I agree, I used to hate picking up the poo, I figured what goes around comes around but now I realize the errors of my thinking. What goes around stays around. Now I make it an effort to pick up more than my dog poots out in an effort to keep the heat off of the dog owning world. Tell all your friends to carry extra bags and pick up more then seems fair to rectify the problem and give any one not taking responsibility a healthy tung lashing. And for god sake keep the critters leashed any where the rangers might be.


----------



## CO.rafter (Oct 10, 2010)

if you forget one, a leash that is, I'm sure every one has a cam strap that will get by in a pinch, or a piece of rope. Lets keep our fury well behaved friends out there with us. This doesnt apply to Westwater only, anywhere that is dog friendly all the same rules apply.


----------



## okieboater (Oct 19, 2004)

I am a dog owner and love my dog. I do not take my dog on river trips, even tho it would be nice to have him along.

Have been blessed to run WW many times. Have never spent the night at the Ranger station without having at least one incident of unleashed dogs running around the boater's camp site dropping poo or pee on gear stacked in camp and getting in the way of campers. Not fun to have to clean your river gear from dog pee! 

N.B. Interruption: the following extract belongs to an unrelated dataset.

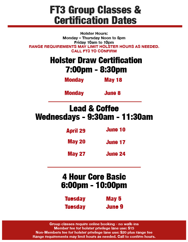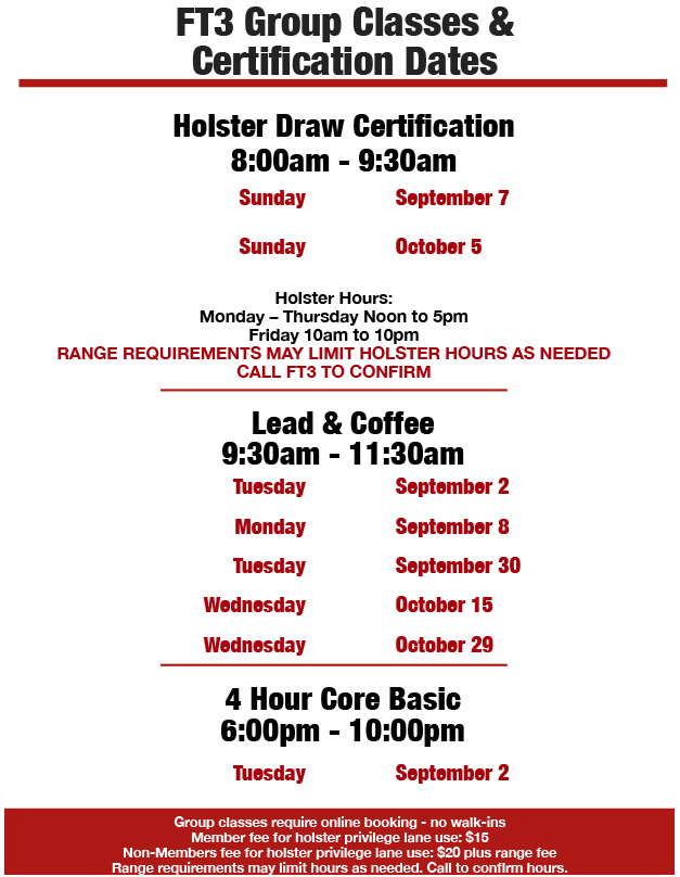 RANGE REQUIREMENTS MAY LIMIT HOLSTER HOURS AS NEEDED. CALL FT3 TO CONFIRM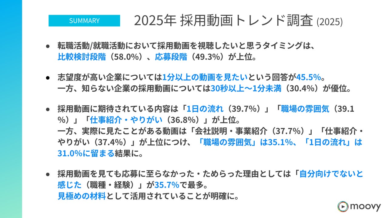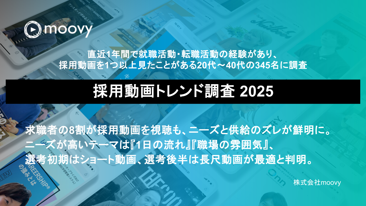採用動画の制作・配信サービス『moovy+』を提供する株式会社moovy(本社:東京都渋谷区、代表取締役:三嶋 弘哉)は、直近1年間で就職・転職した20代から40代の345名を対象に、採用動画のトレンドに関するアンケート調査を実施しました。その結果の一部を抜粋し、お知らせいたします。

I applaud the rangers for asking people to have respect for others and leash their dogs in camp and along the river. Based on my experience, I seriously doubt the small amount of dog owners who do not care about other boaters dealing with their barking and or running around camp pets following the voluntary request to leash their dogs. 

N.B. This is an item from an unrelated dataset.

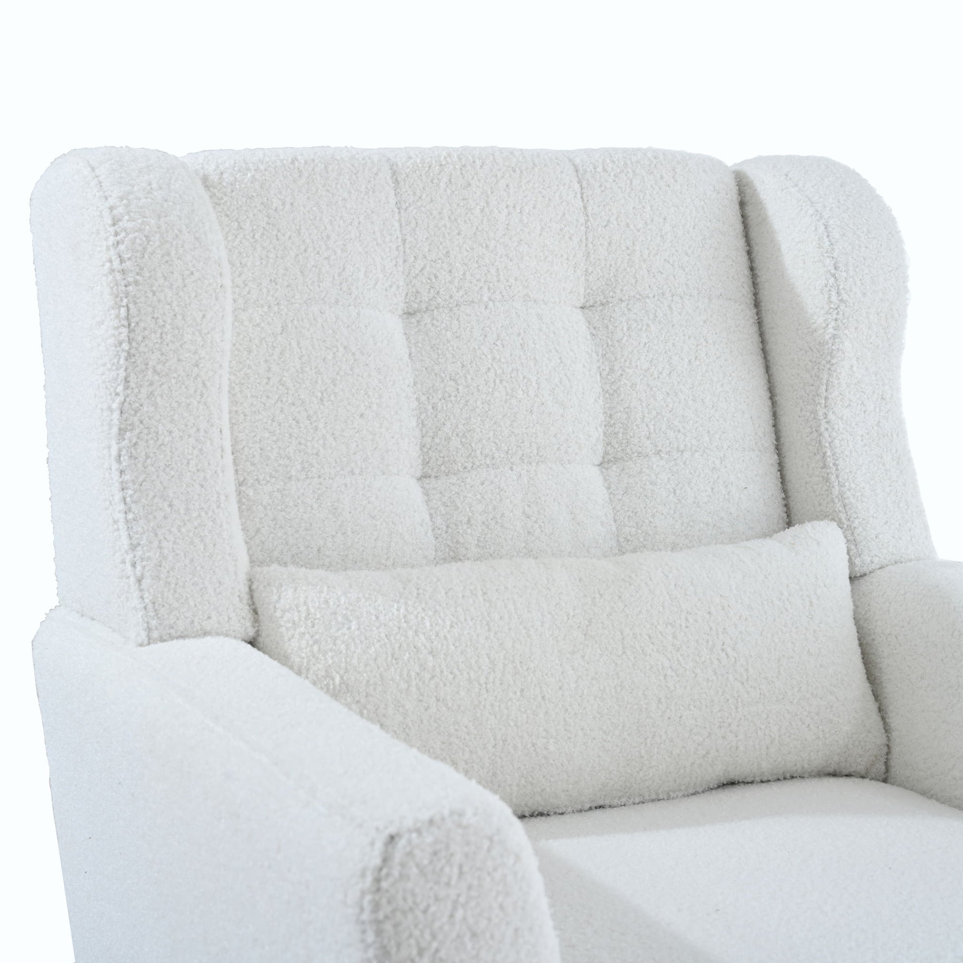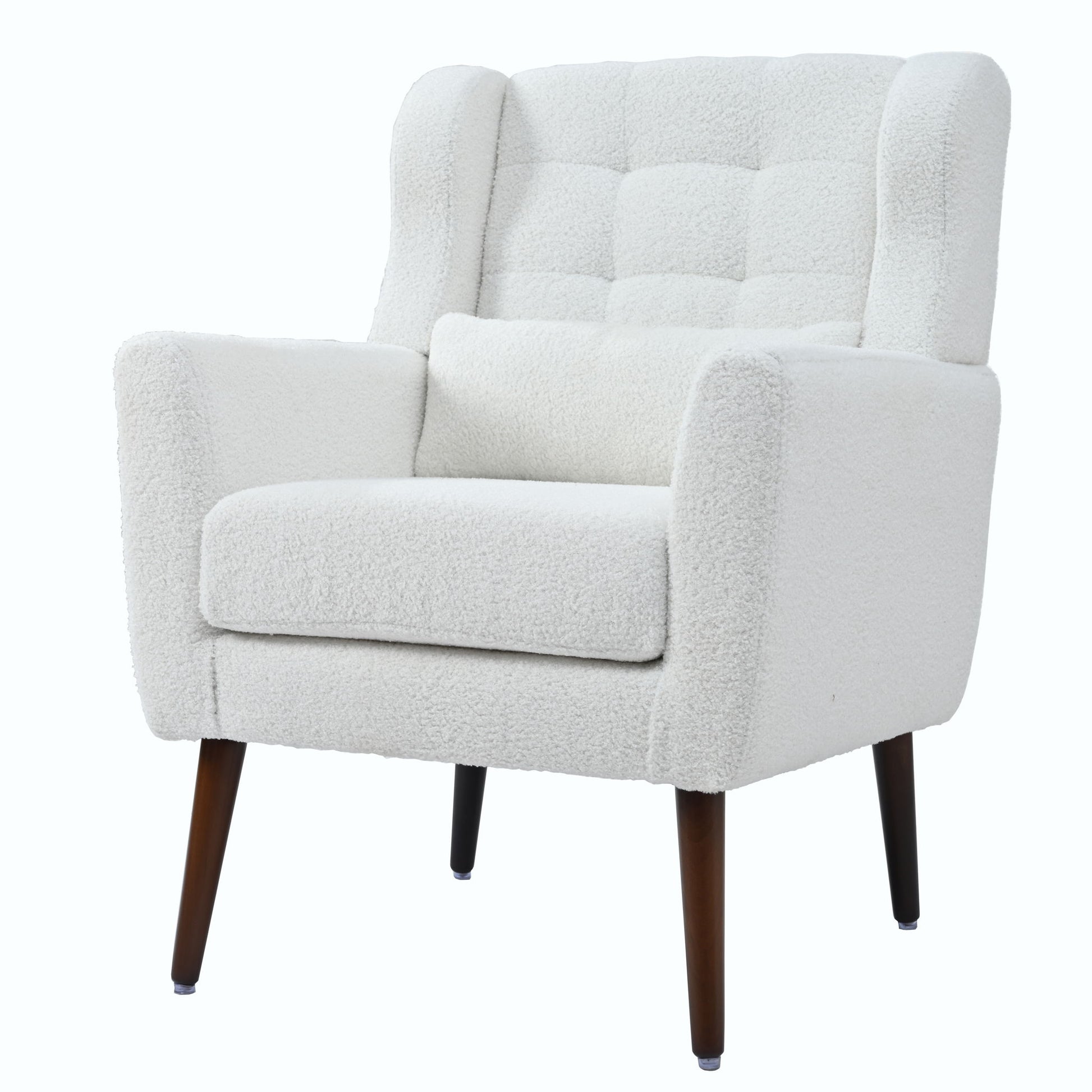 Modern Accent Chair, Teddy Fabric Living Room Chairs Comfy Reading Chair, Mid Century Accent Chair, Lounge Arm Chairs Armchair For Living Room Bedroom - White

I know it is unpopular but the only answer that works, is to totally ban dog traffic on river trips.

This is coming from a life time dog owner who loves his dog but is just totally disgusted with cleaning up after other dog owners who let their pets run free, regardless of the rules.


----------



## caseybailey (Mar 11, 2008)

Wow Okie...born under a bad sign?
I have enough WW trips to be beyond counting. I have never had a dog poo or pee on my gear. For you to have it happen everytime you camp at the put-in is unfortunate.


----------



## okieboater (Oct 19, 2004)

for some reason my luck with dogs at WW station camp has been bad. and, like I posted, I am a long time dog owner and love them as pets.

Yup, several times pee on the gear pile. Other wise just a poo or pee in the area or running thru camp or barking at night.

One time a few years ago, a party came in with two big playfull labs in their raft. We were camped next to the ramp area for a next day launch. First thing the dogs did was run up the bank and encountered a bud's kayak with his gear stacked in the cockpit. Up with the legs and out with the pee. We hollered at the dogs and the owners yelled back if we had a problem. Yup your dogs are peeing on our gear - no answer back. Owners finally put dogs on leashes after the Ranger came out of the trailer and the dogs were running up and down the ramp.

Not the dogs fault. They needed to pee and love to play. Don't remember ever meeting a lab that did not want to romp around and play.

Responsible dog owners could solve the problem and many do the right thing. The problem is too many dog owners for some reason think their dogs do not need to be on a leash in public areas.


----------



## glenn (May 13, 2009)

okieboater said:


> for some reason my luck with dogs at WW station camp has been bad. and, like I posted, I am a long time dog owner and love them as pets.
> 
> Yup, several times pee on the gear pile. Other wise just a poo or pee in the area or running thru camp or barking at night.
> 
> ...


There are plenty of well behaved dogs who do not need to be leashed full time, and there are plenty of appropriate public places where nearly all dogs can be off leash. Clearly the put-in camp is not one of those places, although the 1 time I was ever there, we had no problems. I don't want to setup my tent on a bunch of dog poop, nor do I want any of my river/camping gear pee'd on. For how many people there are in the campsite and potentially how many dogs, it just makes sense to leash up the dogs and let them play when you get to the wilderness campsites.


----------



## CB Rob (Feb 13, 2010)

A big part of the dog problem at the westwater put in is the dogs and owners finishing ruby horsetheif. Everyone with a dog seems to bring them on that stretch.


----------



## Ture (Apr 12, 2004)

okieboater said:


> Up with the legs and out with the pee. We hollered at the dogs and the owners yelled back if we had a problem. Yup your dogs are peeing on our gear - no answer back.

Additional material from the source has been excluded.